On Sept. 29, a 13-year-old boy was diving for lobster off of Beacon’s Beach in Encinitas, California, when he was attacked by what's presumed to be a great white. He’s expected to fully recover.
Earlier in the month, on Sept. 15, on the other side of the U.S., a Cape Cod surfer, 26-year-old Arthur Medici, died as a result of injuries sustained in a great white attack. And two weeks before that another Cape Cod man was bit near Longnook Beach.
With this flurry of incidents on both coasts, are we seeing an uptick in shark activity?
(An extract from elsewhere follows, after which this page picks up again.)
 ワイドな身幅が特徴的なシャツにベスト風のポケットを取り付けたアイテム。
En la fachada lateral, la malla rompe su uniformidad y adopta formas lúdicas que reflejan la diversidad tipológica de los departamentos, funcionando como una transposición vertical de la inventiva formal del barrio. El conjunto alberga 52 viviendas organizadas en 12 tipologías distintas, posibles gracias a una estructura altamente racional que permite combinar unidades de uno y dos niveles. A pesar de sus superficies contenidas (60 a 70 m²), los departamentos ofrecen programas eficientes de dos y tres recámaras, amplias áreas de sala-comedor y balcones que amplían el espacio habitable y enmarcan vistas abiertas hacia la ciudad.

Is it safe to go in the water?
The easy answer is that it’s as safe as it’s ever been.
Put in context, these incidents aren’t necessarily out of the ordinary. In 2017 there were 88 unprovoked shark attacks worldwide, including five fatalities, according to the International Shark Attack File (ISAF) at the Florida Museum of Natural History. That number is slightly higher than the five-year average between 2012-2016, which stands at 83, but well below the record of 98 attacks established in 2015. Statistically, the United States leads the world in shark attacks with 53 recorded in 2017 – compared to 14 in Australia and two in both South Africa and Reunion Island (all notoriously sharky zones). In the case of Cape Cod, it was the first lethal great white attack since 1936.
At present, 2018 doesn’t appear to be radically different in what we’ve seen in recent years. If it feels like there are more sharks in the water that can be attributed to a triad of factors. First, according to ISAF, “the number of human-shark interactions is directly correlated with time spent by humans in the sea.” Simply put, there are more people having fun in the ocean than ever before, and that’s going to lead to more shark encounters.
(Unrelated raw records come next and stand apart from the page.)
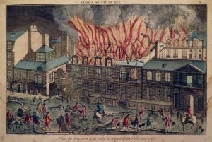 Vue de la ville de Dunquerque. Augsburg, Probst, +/- 32 x 42 cm. Belle planche. - Vue perspective du Bassin et Parc de la Marine du Havre. - Vue du feu prit à la Salle de l'Opéra de Paris le 6 Avril 1763. - Vue d'un feu d'artifice tiré à Paris. - Vue perspective de revue de la maison du roy Cavalerie qui se fait tous les 3 ans au Trou d'Enfer à 4 lieux de Paris. Paris, Basset.  - La porte St. Denis sortant de Paris (mouillures). - Décoration de Théâtre représentant les Jardins de Circe magicienne femme de Minos. Paris, Daumont.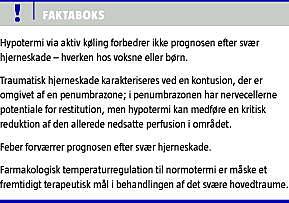Hvorvidt aktiv køling forbedrer prognosen efter et svært hovedtraume er fortsat omdiskuteret til trods for, at knap 20 studier med denne problemstilling er gennemført på voksne og børn de seneste to årtier. Selv om resultater fra dyrestudier og visse af de kliniske studier indikerer, at hypotermi kan være gunstig for prognosen efter svært hovedtraume, har resultaterne langt fra været overbevisende [1-6].
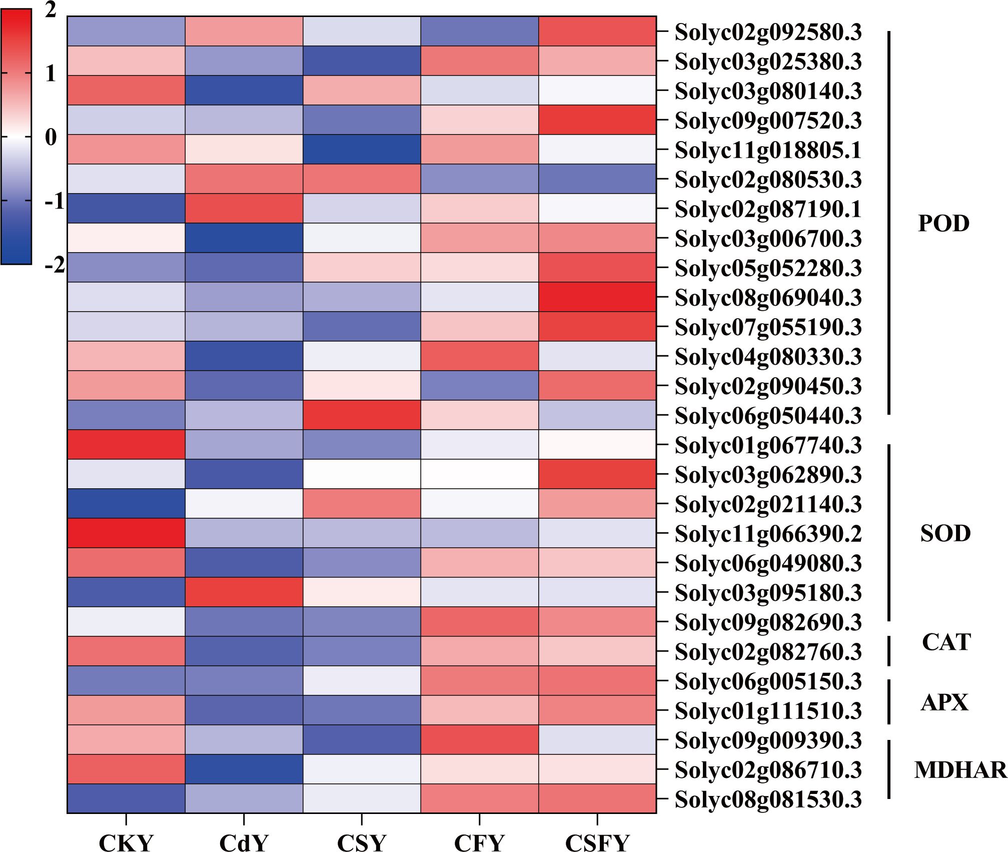 DEGs related to antioxidant enzymes (POD, SOD, CAT, APX, and MDHAR) were significantly downregulated following Cd application. Conversely, in the presence of CS or CF, the expression of these genes was upregulated. The expression of genes encoding antioxidant enzymes was significantly upregulated in tomato seedlings when Si and Fe were co-applied. This suggests that Si and Fe can produce positive benefits for each other to alleviate the damage of tomato seedlings by Cd (Figure 8).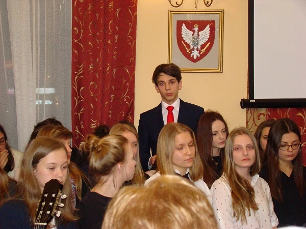 Students from class 2i recited again the 12th book of our national epic „Pan Tadeusz”. This time it was on February 24th in front of the Society of Friends of Bochnia. There was also a special performance of a choir. The meeting was quite exceptional as it connected a few generations.
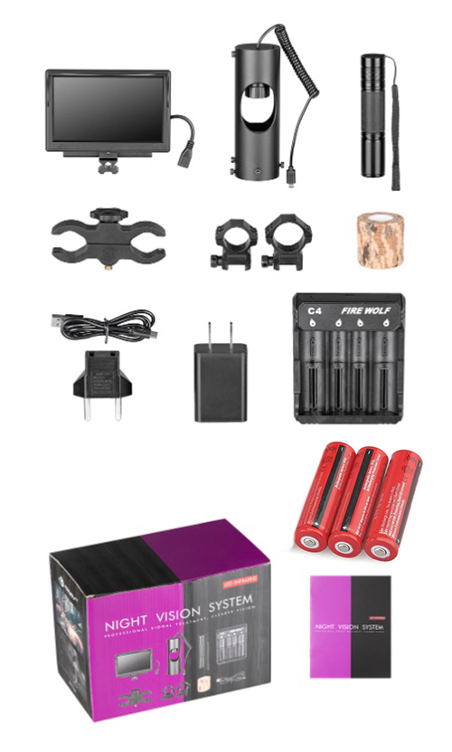 Especificações: Material principal: ABS Alimentação: baterias 18 650 (incluídas) Tensão de funcionamento: 3.7v corrente contínua Cartão de armazenamento: até 8 GB Desempenho ótico: Ampliação: 5 Dimensão dos objetivos: 3535mm Fov: 7 ° x5.25 ° Escala ajustável ocular: ± 0.5 Distância de observação (ambiente de pouca luz): 2m ∞ Distância de observação (ambiente escuro completo): 2m ~ 200m desempenho digital: Sensor de baixa iluminação: De alta Definição1 / 3 COMS Pixel: 130W Foto: 1280 x 1024 Vídeo: 720P Modelo: Firewolf FW54

ISAF also notes that there’s also been more study and communication among marine biologists and scientists around the world, which has led to more news-making, shark-related discoveries. And, of course, both mainstream and social media hunger for a good shark story, giving the term “click bait” an even worse name.
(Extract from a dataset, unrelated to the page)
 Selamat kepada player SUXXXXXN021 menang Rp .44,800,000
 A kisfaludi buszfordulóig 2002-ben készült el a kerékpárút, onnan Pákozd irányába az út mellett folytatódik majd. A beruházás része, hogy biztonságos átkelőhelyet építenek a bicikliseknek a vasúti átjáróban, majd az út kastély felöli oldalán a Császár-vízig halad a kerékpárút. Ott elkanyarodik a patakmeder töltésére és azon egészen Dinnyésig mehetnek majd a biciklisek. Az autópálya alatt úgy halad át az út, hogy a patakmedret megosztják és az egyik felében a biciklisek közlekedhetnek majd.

In general, most great white attacks occur in the autumn months. The reason for this is starting to become a little clearer after a study by a team of scientists from Stanford University and the Monterey Bay Aquarium was released last month. They discovered a “White Shark Cafe” in the middle of the Pacific Ocean halfway between the West Coast and Hawaii.
According to the study, every winter sharks off the coast of California and Mexico (known as northeastern Pacific whites, which are genetically different than any other great whites found around the world) migrate to an open-ocean zone approximately 1,200 nautical miles east of Hawaii. It’s here that the sharks feed in a region of the ocean known as the “mid-water,” diving to depths of 3,000 feet to hunt.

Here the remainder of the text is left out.